# How to read Grizzly dates. (dip not bear)



## scandmx5

I just got back from the store for a dip run and put a dip in. Immediately I was urinated off because it's dry. I despise, nay, *HATE* dry dip. If I wanted to dip a cigarette, I would do so.  So then I started doing some internet searching and have found what many have longed to know, and that is how to read the dates for Grizzly.  If you dip Grizzly you know they don't use a "Fresh until xx/xx/xxxx" or "Made on xx/xx/xxxx" date system on the can.  No, they have to use a ridiculous code that looks like computer script. For instance mine is: 12L2GH2.

The key is the last 2 figures in the code equal the date of manufacture.
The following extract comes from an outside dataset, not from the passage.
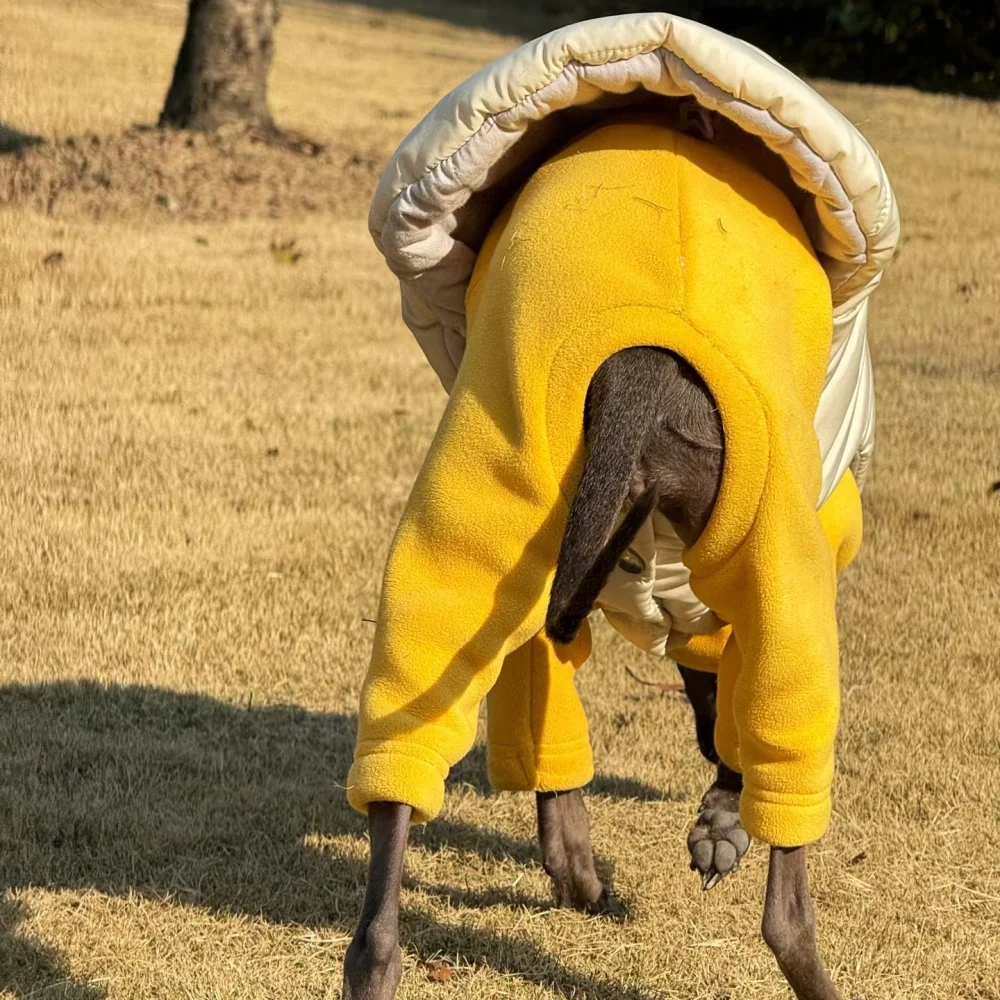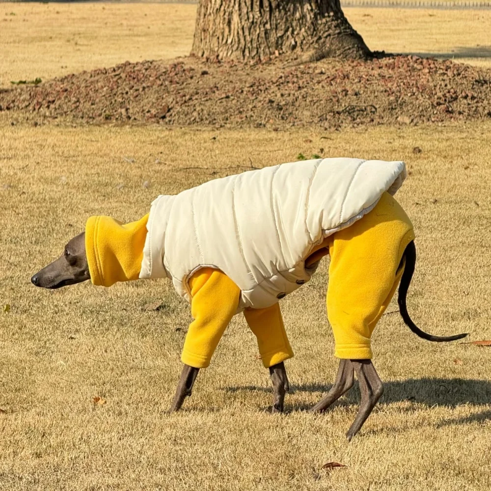 Abrigo grueso de invierno para perros con bloqueo de correa Sudadera de forro polar morado de 4 patas de primavera para galgo italiano Whippet en otoño

The letter represents a month:
A=January
B=February
C=March
D=April
E=May
F=June
G=July
H=August
J=September (they skip "I" because it looks like a 1)
K=October
L=November
M=December

The number represents the year
0=2010
1=2011
2=2012
3=2013

and so on.  I hope this revelation helped you like it did for me.


----------



## Tomahawk1088

Interesting. I read an article about how that was done with beer. Also, people say the number on the bottom of the Grizz can is the quality of the dip with 0 the best and higher numbers worse.


----------



## scandmx5

Tomahawk1088 said:


> Interesting. I read an article about how that was done with beer. Also, people say the number on the bottom of the Grizz can is the quality of the dip with 0 the best and higher numbers worse.



Hmmm...interesting.  I'm just glad someone read this, so all of my typing didn't fall on deaf ears...or in our case, not seen by blind eyes.


----------



## Studawg170

Thanks....Had two cans in my pocket one August  and the other May

And I purchased both of them today


----------



## bpryor

Tomahawk1088 said:


> Interesting. I read an article about how that was done with beer. Also, people say the number on the bottom of the Grizz can is the quality of the dip with 0 the best and higher numbers worse.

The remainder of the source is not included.